WORK REQUIRED.
Retype the lines below exactly, but only those from the line that has "豪華な夕食(二人分が写っている 手前と奥 )を般若湯とともに頂く。" through the line that has "Классическое для воблеров". Omit every picture.

DATASET ENTRIES.
---*---

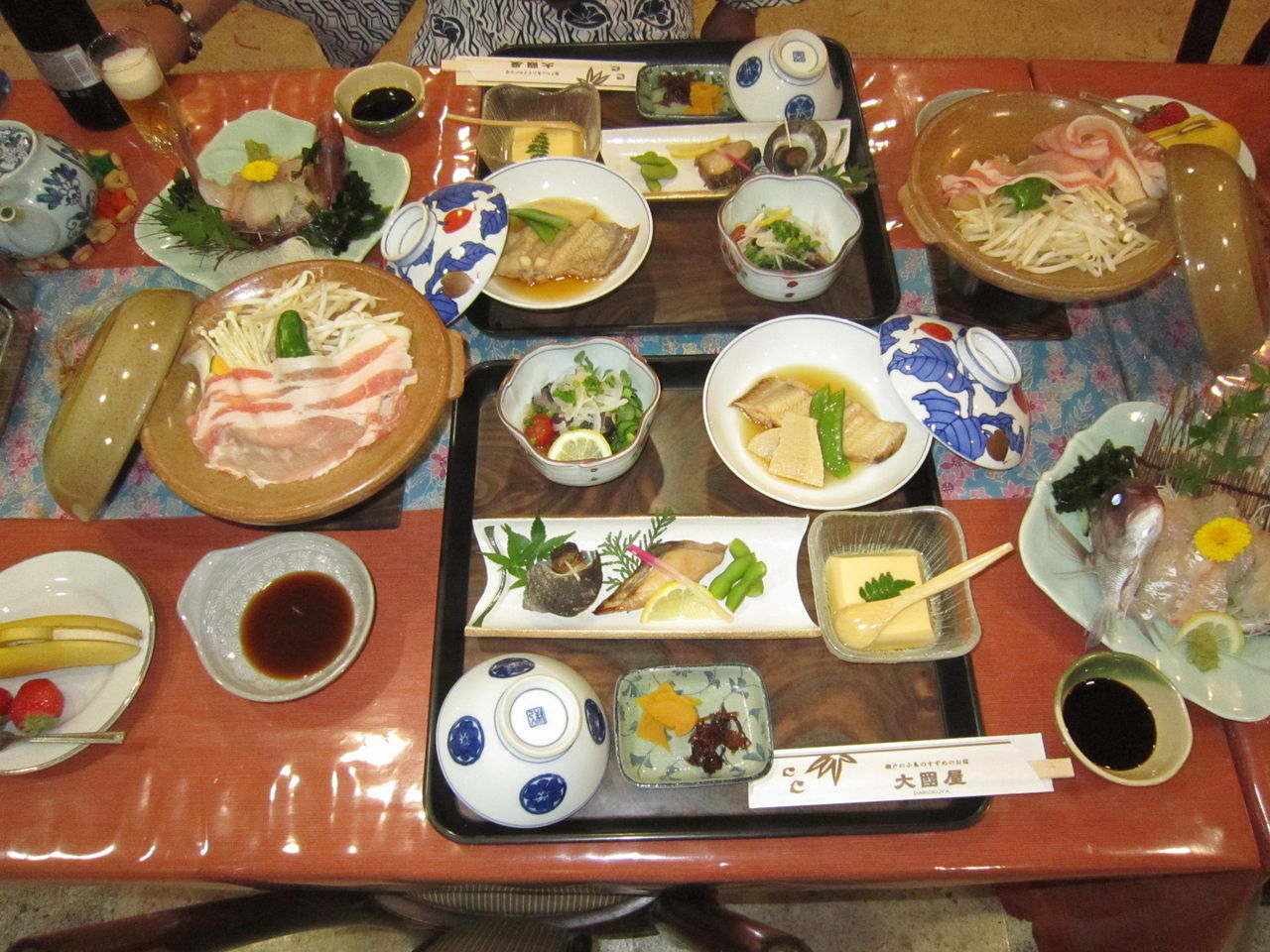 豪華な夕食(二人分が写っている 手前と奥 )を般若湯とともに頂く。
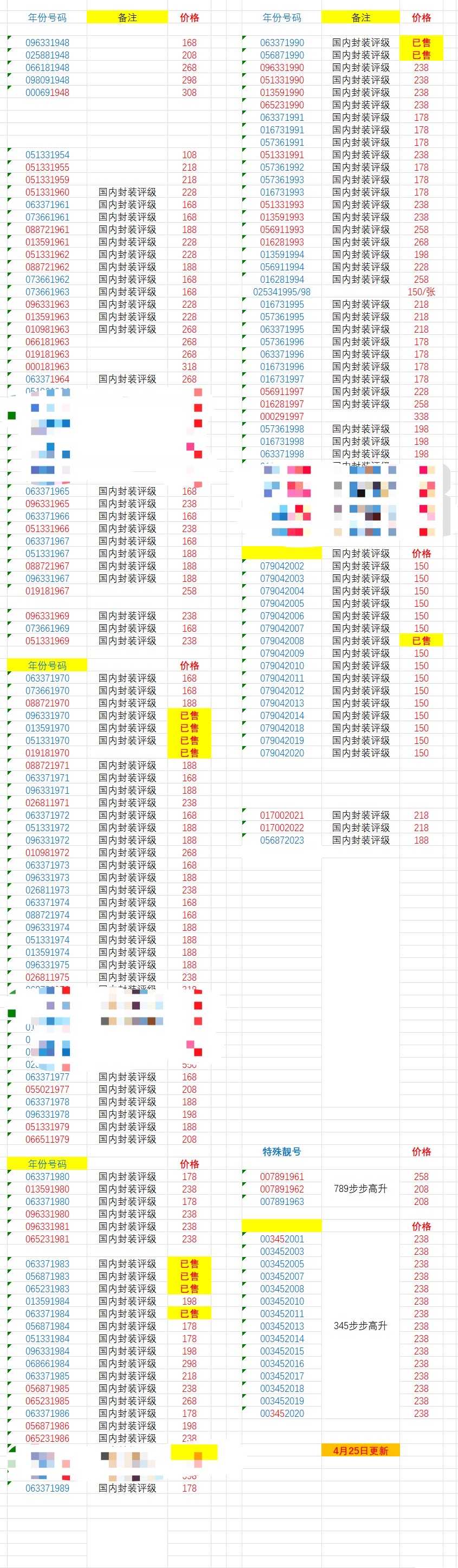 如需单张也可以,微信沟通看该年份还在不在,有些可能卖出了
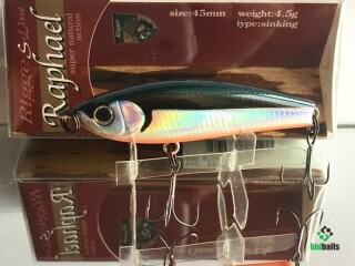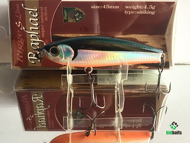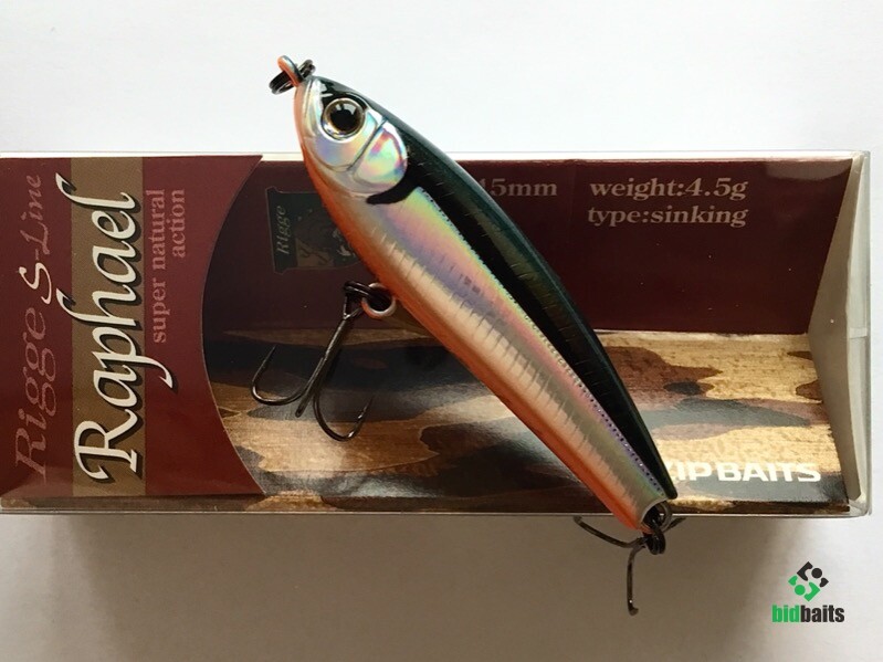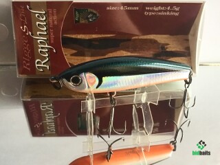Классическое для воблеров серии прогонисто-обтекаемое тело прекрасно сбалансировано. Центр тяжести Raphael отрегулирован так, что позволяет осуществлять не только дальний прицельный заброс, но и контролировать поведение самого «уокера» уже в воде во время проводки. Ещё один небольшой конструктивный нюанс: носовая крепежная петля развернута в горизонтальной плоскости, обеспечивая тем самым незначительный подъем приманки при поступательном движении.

---*---

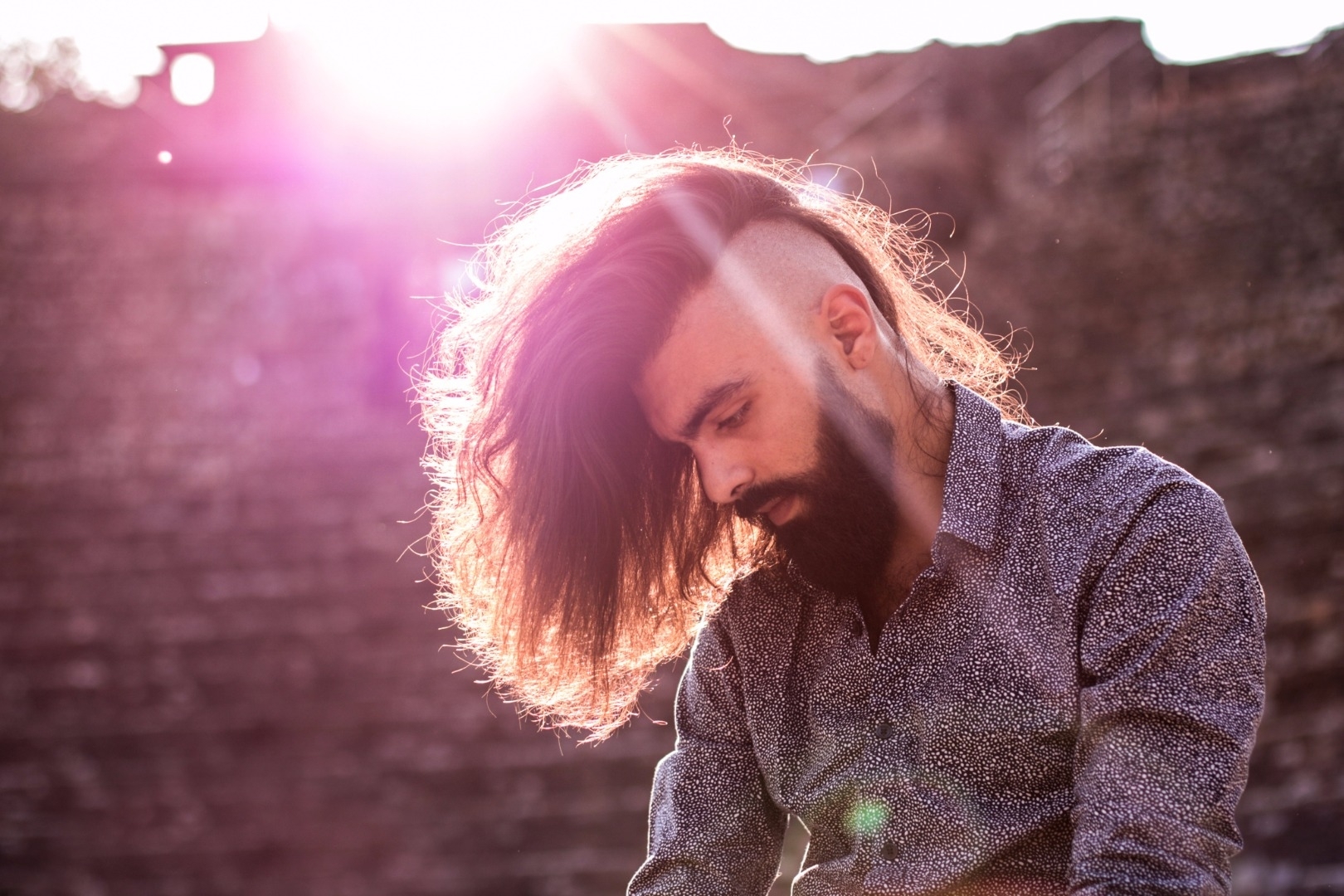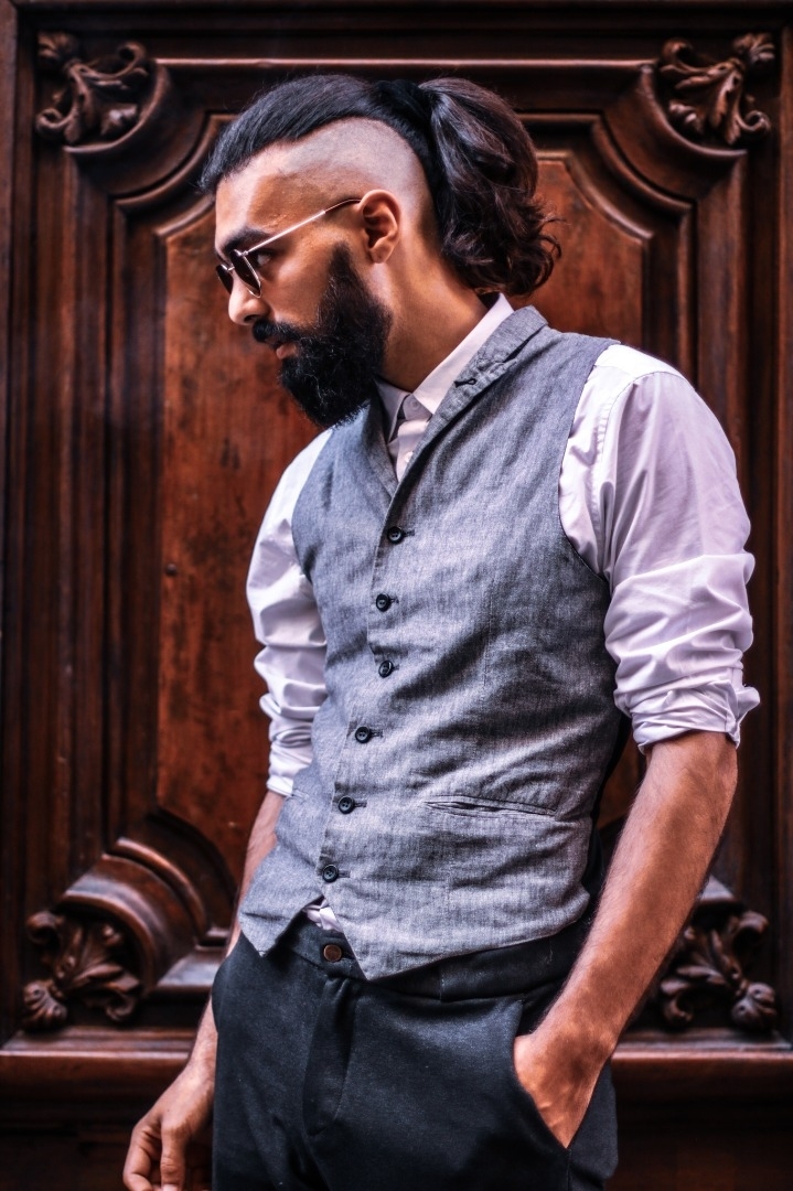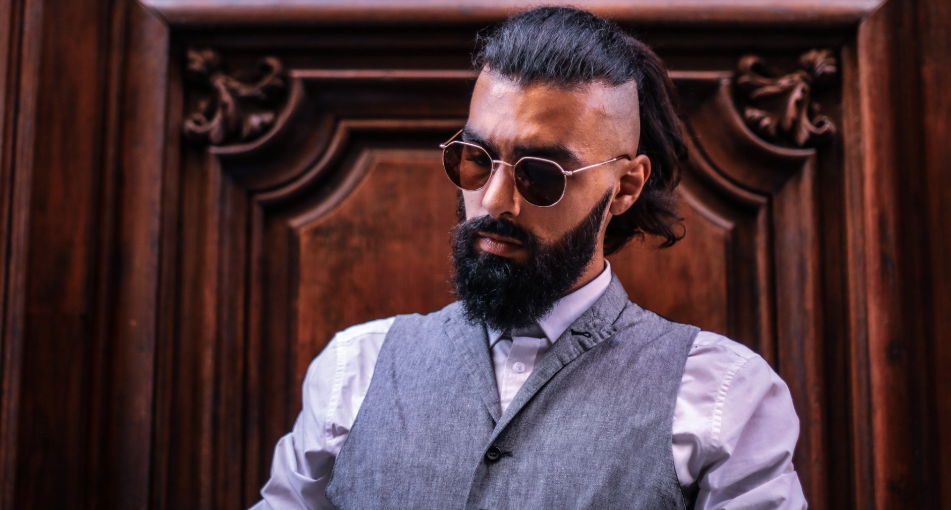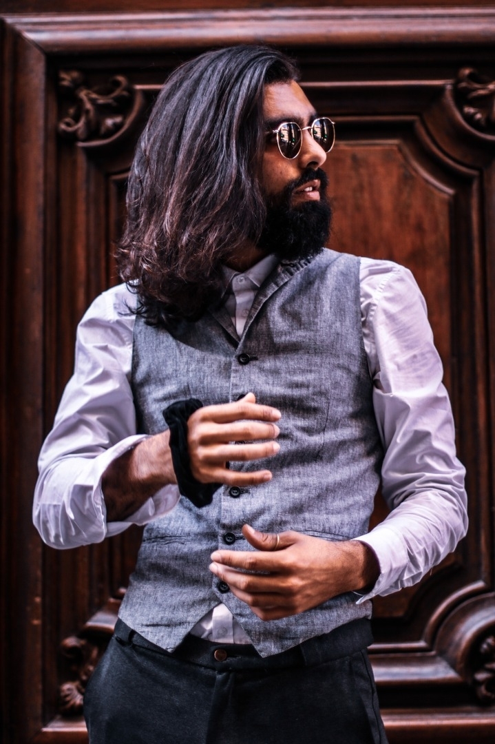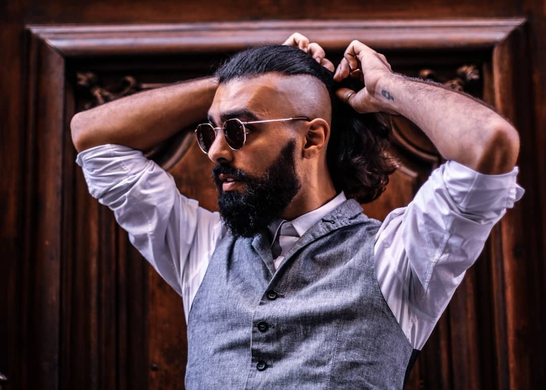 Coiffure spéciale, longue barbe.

---*---

ANSWER TO THIS EXERCISE.
 豪華な夕食(二人分が写っている 手前と奥 )を般若湯とともに頂く。
 如需单张也可以,微信沟通看该年份还在不在,有些可能卖出了
Классическое для воблеров серии прогонисто-обтекаемое тело прекрасно сбалансировано. Центр тяжести Raphael отрегулирован так, что позволяет осуществлять не только дальний прицельный заброс, но и контролировать поведение самого «уокера» уже в воде во время проводки. Ещё один небольшой конструктивный нюанс: носовая крепежная петля развернута в горизонтальной плоскости, обеспечивая тем самым незначительный подъем приманки при поступательном движении.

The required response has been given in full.